Back Bay mansion stunning, but at $18 million-plus, no easy sell
Back Bay’s gorgeous and palatial Ames-Webster mansion just hit the sales block.
The price-tag, of course, is a modest $18 million to $25 million.
Now I am sure in an ideal world the stately 50-room, 26,000- square-foot abode is worth every penny of its listing price.
Built in 1872, the sprawling, brick Back Bay mansion has served in recent years as the corporate headquarters of the Raymond Group, a local development firm.
While $25 million is a stunning number – and likely a record breaker for Boston should someone actually put down that kind of cash – it is actually a little less than $1,000 a square foot.
But the mansion, for all its beauty and 28 fireplaces, faces a tough market.
First, the rich of the Gilded Age may have loved such ornate mansions, but the wealthy of today are a different breed. If some tech tycoon has $25 million to blow, he’s going to build his own, custom designed statement somewhere, or buy a couple floors in some silly condo tower.
OK, it’s hard for me to understand – I am a history buff and love old homes, the bigger the better.

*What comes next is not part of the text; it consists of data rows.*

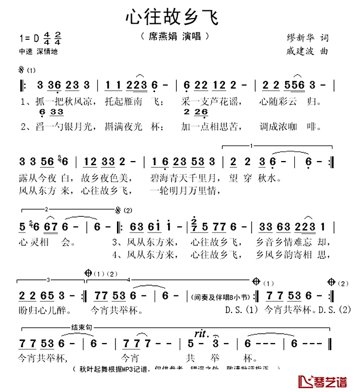 《席燕娟《心往故乡飞简谱》》内容来自于互联网,不能保证内容的准确性与完整性,仅供学习交流欣赏,请勿用于其它用途,内容版权归原作者及来源网站所有,如有侵犯到您的权益请来信告知,我们将及时删除。
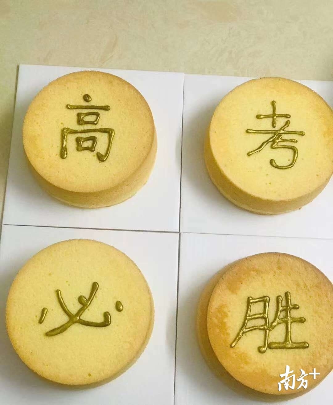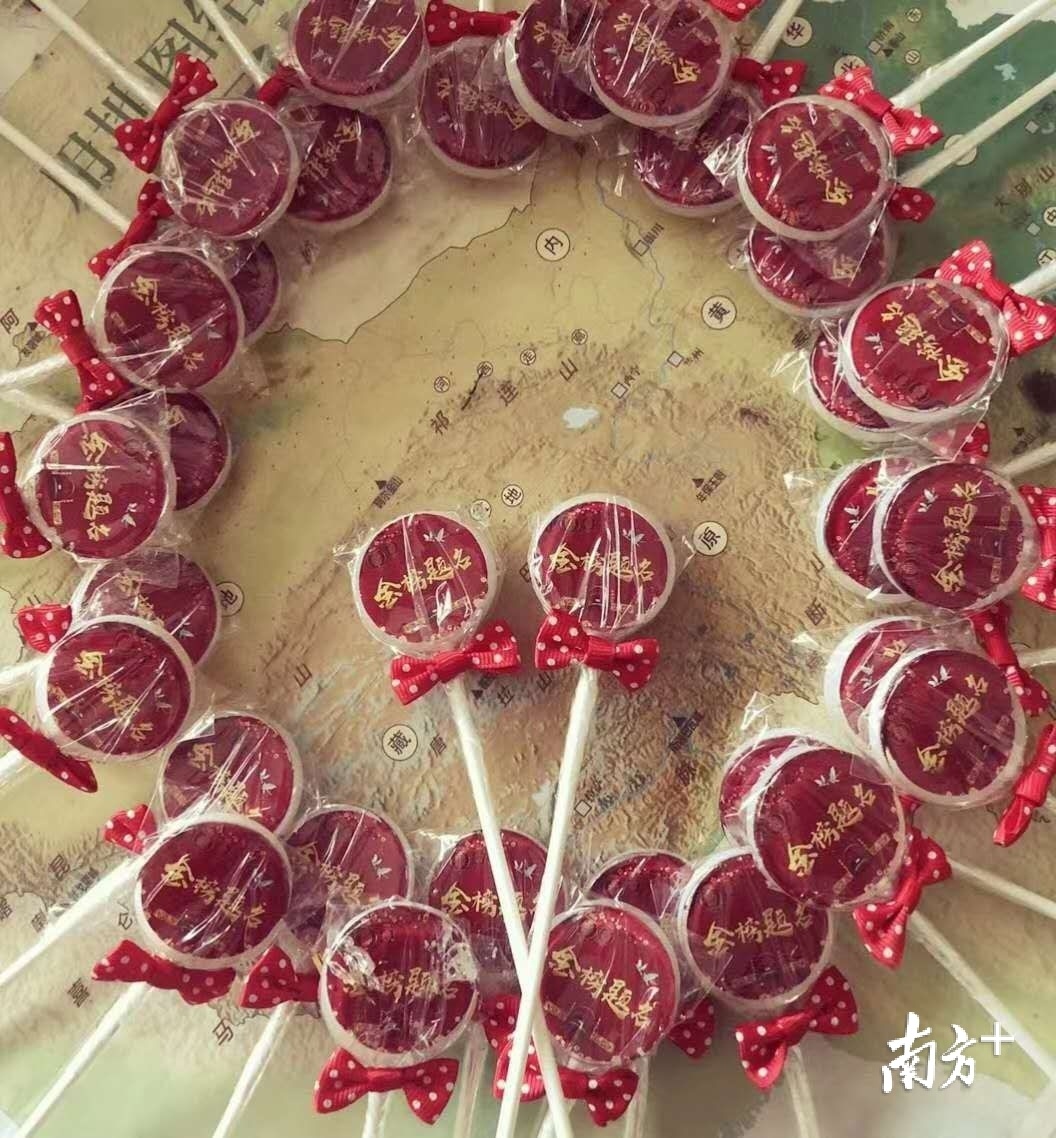 在开考前,三水区华侨中学的老师为学生准备了一系列加油助威的活动,定制了印有金榜题名的棒棒糖、高考必胜的蛋糕等,满满的仪式感为考生营造了轻松的考前环境。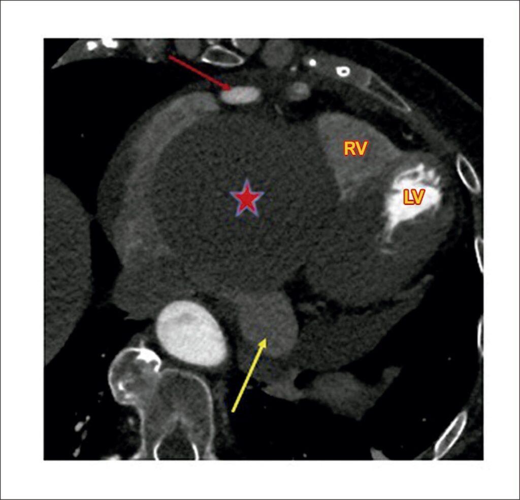 Coronary artery aneurysm (CAA) is defined as a dilation that exceeds the normal diameter of the adjacent artery or the diameter of the patient’s largest coronary artery by 1.5 times. Some authors consider a giant coronary aneurysm when the diameter is > 20 mm, whereas the American Heart Association defines giant aneurysms as those > 8 mm. Giant CAA is a rare pathology with an approximate incidence of 0.02%. We report a case of giant right coronary artery aneurysm with fistula to the coronary sinus, appearing as a giant “mass”.
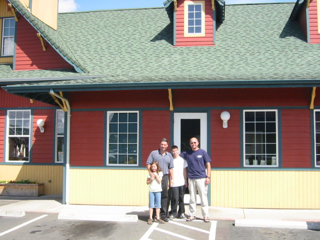 Jon's cousin Steve (brother of Rob of Dodger ticket fame) runs a restaurant here in Grant's Pass, and we'd arranged to meet then at their restaurant. Unfortunately, Jon got directions from Highway 5, and we were coming from Highway 199. So we drove aimlessly around Grant's Pass for a while before we wised up and asked directions at a gas station. Better late than never, we arrived at "The Train Depot" restaurant, where we met Steve, his wife Stephanie, and their kids Nick, Elena, and Sarah.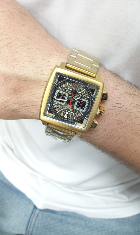 ساعت مچی مردانه موناکو سه موتور نقره ای صفحه سبز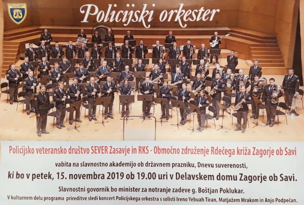 Policijsko veteransko društvo SEVER Zasavje in RKS - Območno združenje Rdečega križa Zagorje ob Savi vabita na slavnostno akademijo ob državnem prazniku, Dnevu suverenosti, ki bo v petek, 15. novembra 2019, ob 19:00 uri v Kulturnem centru Delavski dom Zagorje ob Savi.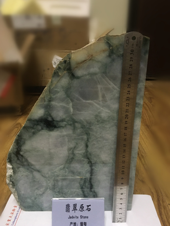 檀国平先生捐赠的翡翠原石重24千克,产自缅甸翡翠矿区,种质细腻密度高,颜色呈团块状网状分布,绿色老辣,是翡翠花件和摆件上乘原料。从切面可以看到翡翠岩石多次破碎胶结再成岩过程,重叠展现了形成破碎角砾岩的动力变质遗迹,这是印度洋板块向欧亚板块俯冲最活跃的缝合地带——缅甸北部送给人类最靓丽的瑰宝,是翡翠成矿过程展示的上等标本。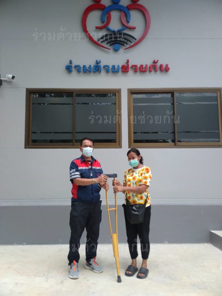 ล่าสุดคุณมาลินีเดินทางเข้ามารับไม้เท้าช่วยพยุง โดยมีเจ้าหน้าที่ร่วมด้วยช่วยกันมอบให้เป็นที่เรียบร้อย

But what do I know.
So it’s unlikely someone is going to buy this Dartmouth Street mansion and convert it into a single family home.
That leaves its current use, as an elegant collection of office suites.
While Raymond Property, the development company that is selling the property, is planning on moving out, some portion of the old mansion is leased out to money management firms and other tenants.
Yet if you haven’t heard already, office rents are plunging and vacancy rates are soaring amid a bust that may rival or even eclipse what has happened in the residential market.
There’s space available around the corner at the Hancock tower.
Moreover, banks and other lenders have all but gotten out the market of financing the acquisition of commercial buildings.
That leaves one other option, condo conversion.
But despite signs that the real estate market have finally hit bottom, there’s still a lot of unsold condos in newly opened or soon to open condo towers downtown.
Maybe a crafty developer could pull off such a play, betting by the time city approvals are in hand and the conversions are done, the market will have shifted again.
But that’s a very big bet to make on a very big and very expensive old house.